Однако знакомство с последующими главами вызвало у Чайковского отрицательную оценку: «Это начинает быть невыносимо. Все до одного действующие лица — сумасшедшие» (Там же. С. 226), а в 1881 г., перечитав «Братьев Карамазовых», Чайковский писал брату: «Достоевский гениальный, но антипатичный писатель. Чем больше читаю, тем больше он тяготит меня» (Там же. Т. 10. С. 202).

А. А. Гозенпуд, посвятивший теме «Чайковский и Достоевский» специальный этюд, пишет, что «было бы, однако, неверно считать это окончательным выводом» (Гозенпуд А. А. Достоевский и музыкально-театральное искусство. Л., 1981. С. 159–161).

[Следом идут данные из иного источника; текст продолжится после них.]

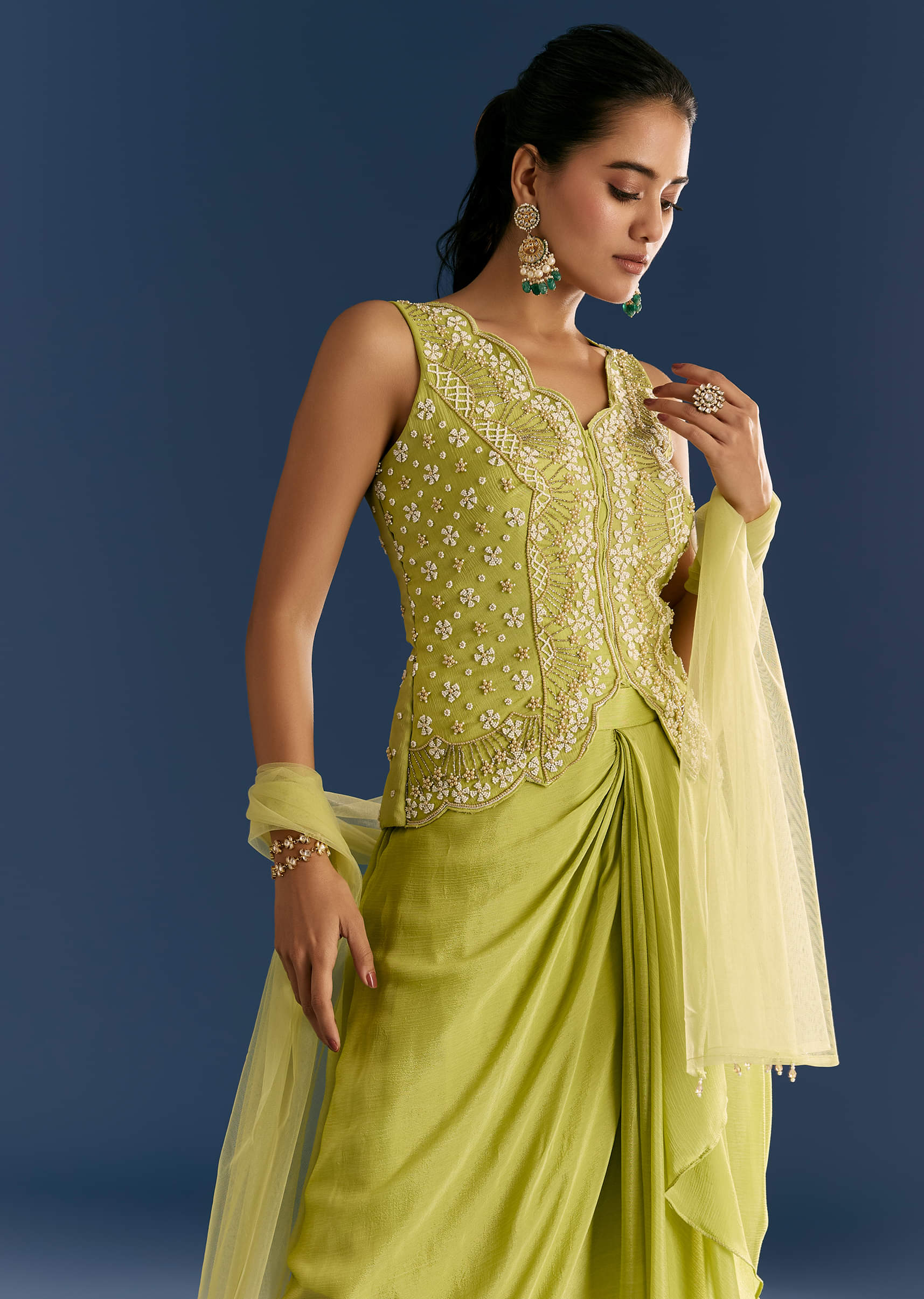 This green chinon short kurta is adorned with moti and cut dana work, paired with a stylish fancy skirt, making it an Indo-Western dream for haldi ceremonies. Awarded as the Most Trusted Brand, we're delivering styles you love, just as promised.
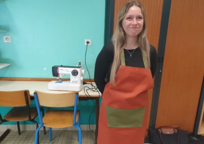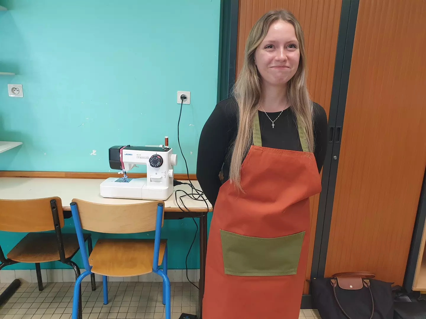 Pendant près de quatre mois, les élèves ont travaillé avec rigueur et créativité pour concevoir, de A à Z, quinze tabliers sur mesure. Tout a été pensé et réalisé par demi-groupes : création des patrons, prises de mesures, choix des tissus et des couleurs, découpe et couture. Un vrai travail d’équipe, alliant précision technique et sens esthétique.

В интервью по поводу выхода своей книги А. А. Гозенпуд отметил, что именно Достоевский переубедил своей знаменитой речью на открытии памятника А. С. Пушкину в Москве в 1880 г., где Чайковский встречался с Достоевским, сделать другим финал оперы «Евгений Онегин», так как первоначально у Чайковского в последней сцене Татьяна падает в объятия Онегина (См.: Гозенпуд А. А. Вслушиваясь в Достоевского // Вечерний Ленинград. 1981. 27 июля. № 170).